The build sequence reflects deliberate prioritisation: the deterministic backbone (Phase 1) had to be proven before RAG and actions were added (Phase 2), and the observability layer (Phase 2.5) was added before the dashboard (Phase 4) so the data was there to surface.

AgentQE Continuum — Phases 1–4

Phase 1 — MVP: event-to-decision backbone

  • Full webhook ingestion path: HMAC verification, idempotency, PR advisory lock
  • Playwright JSON parser with flake detection
  • LangGraph pipeline (7 nodes) with Levenshtein fallback throughout
  • Confidence-scored decision engine (escalate / report / annotate_pr)
  • PR comment action via GitHub App
  • pg-boss async job queue — analysis pipeline runs fully asynchronously, decoupled from the webhook response
  • Prometheus metrics at /metrics; Pino structured JSON logging with per-module child loggers
  • Vitest unit + integration test suite (166 tests at Phase 1 completion)

Phase 2 — RAG retrieval + full action layer

  • retrieveContext node: pgvector + Voyage AI voyage-3 1024-dim embeddings for semantic failure pattern retrieval
  • embed-patterns pg-boss background worker — embeds newly-seen failure patterns after each run
  • Slack webhook notification for escalated clusters
  • Jira Cloud ticket creation with deduplication (clusters.jira_ticket_key prevents re-filing)
  • LangGraph checkpoint store (PostgreSQL-backed) wired for the fix sub-graph
  • Parallel node execution: clusterFailures + analyseDiff run concurrently

Phase 2.5 — Observability + worker role split

  • Self-hosted Grafana LGTM stack (Grafana, Loki, Tempo, Prometheus, Alertmanager, Alloy) — three-pillar telemetry with no SaaS dependency
  • Every Pino log line carries trace_id and span_id — log-to-trace correlation in one click in Grafana Explore
  • 10 Prometheus alert rules covering pipeline failure rate, LLM circuit-breaker state, dead-letter queue buildup, and DB pool saturation
  • Worker role split (WORKER_ROLE env var): api / pipeline / actions / scheduler — same Docker image, independently scalable subsystems

Phase 4 — Next.js dashboard (shipped 2026-05-19)

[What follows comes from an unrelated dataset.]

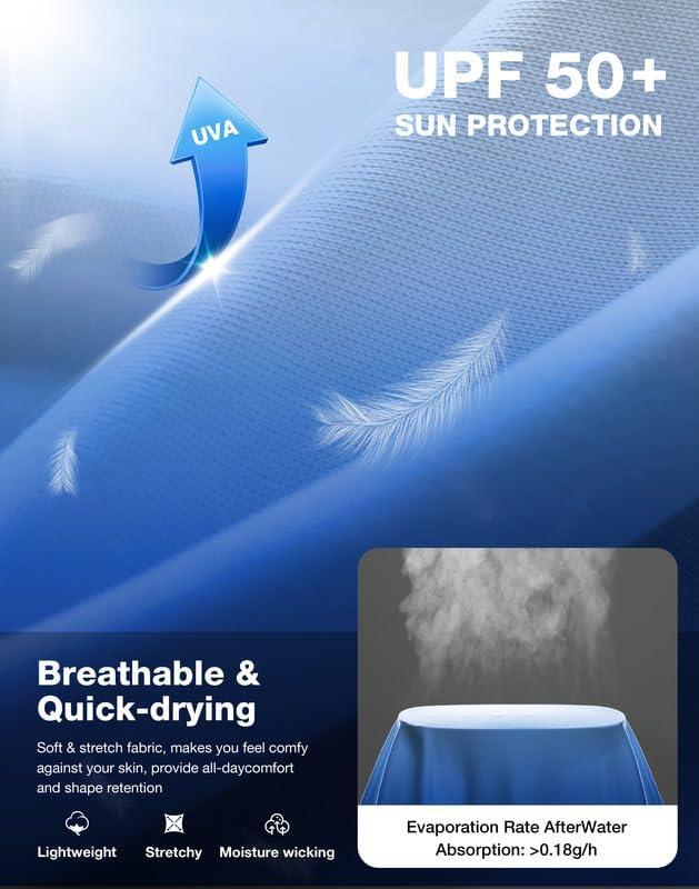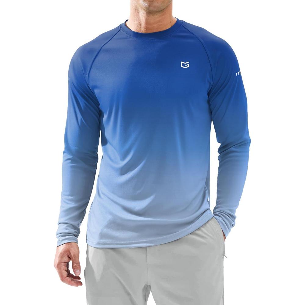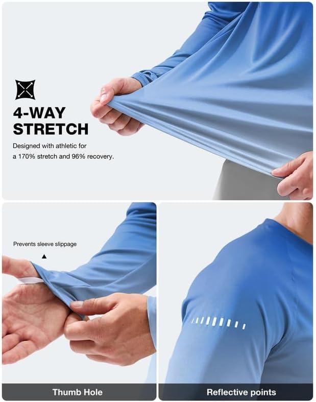 Men's Sun Protection Long Sleeve Shirts UPF 50+ Rash Guard for Men SPF UV Fishing Hiking Running Workout Athletic Shirt(Gradient Blue White)

  • Next.js 15 dashboard with GitHub OAuth (NextAuth)
  • Run timeline, cluster drill-down, flakiness dashboard, admin console
  • Pattern library browser, learning reports, override analytics
  • RBAC: Developer / QA Engineer / Engineering Manager / DevOps with per-route access matrix
  • Prompt version management UI at /admin/prompts
  • Full audit log at /admin/audit (append-only, every admin write action)

Architectural patterns proven (the portable lessons)

A grid of five portable architectural patterns. Pattern 1: LangGraph with deterministic fallback at every node — clusterFailures uses Levenshtein at 70 percent similarity threshold when the LLM is unavailable, generateSummary falls back to a template, circuit breaker coordinates the switch after 3 consecutive failures opening for 30 seconds. Pattern 2: confidence-scored decisions with explainability — four weighted signals produce escalate, report, or annotate_pr outputs with a degraded boolean on every record. Pattern 3: pg-boss with PR-level PostgreSQL advisory locks preventing concurrent webhook race conditions. Pattern 4: prompt versioning with the database as source of truth — re-analyse button replays the pipeline against already-ingested signals. Pattern 5: multi-provider LLM tier routing behind a single abstraction boundary — provider and model resolved from env vars per tier with zero code changes to switch.

These five patterns recur in every AI-augmented client engagement. Proving them in a system I own end-to-end means I can recommend them with production evidence rather than theory.

LangGraph as orchestration with deterministic fallback at every node. The pipeline is designed so that every AI node has a deterministic path that fires when the LLM is unavailable. clusterFailures falls back to Levenshtein distance clustering (70% similarity threshold); generateSummary falls back to a template. The circuit breaker — 3 consecutive failures open for 30 seconds — coordinates the switch. No event is dropped; every decision carries a degraded boolean. This pattern is directly portable to any client pipeline where LLM availability cannot be guaranteed. The Tier 4 LLM re-binding sub-graph in particular has been generalised into a reusable reference architecture — the Agentic Self-Healing Test Framework pattern doc covers the tiered locator recovery model, confidence gating, and audit trail design that originated here.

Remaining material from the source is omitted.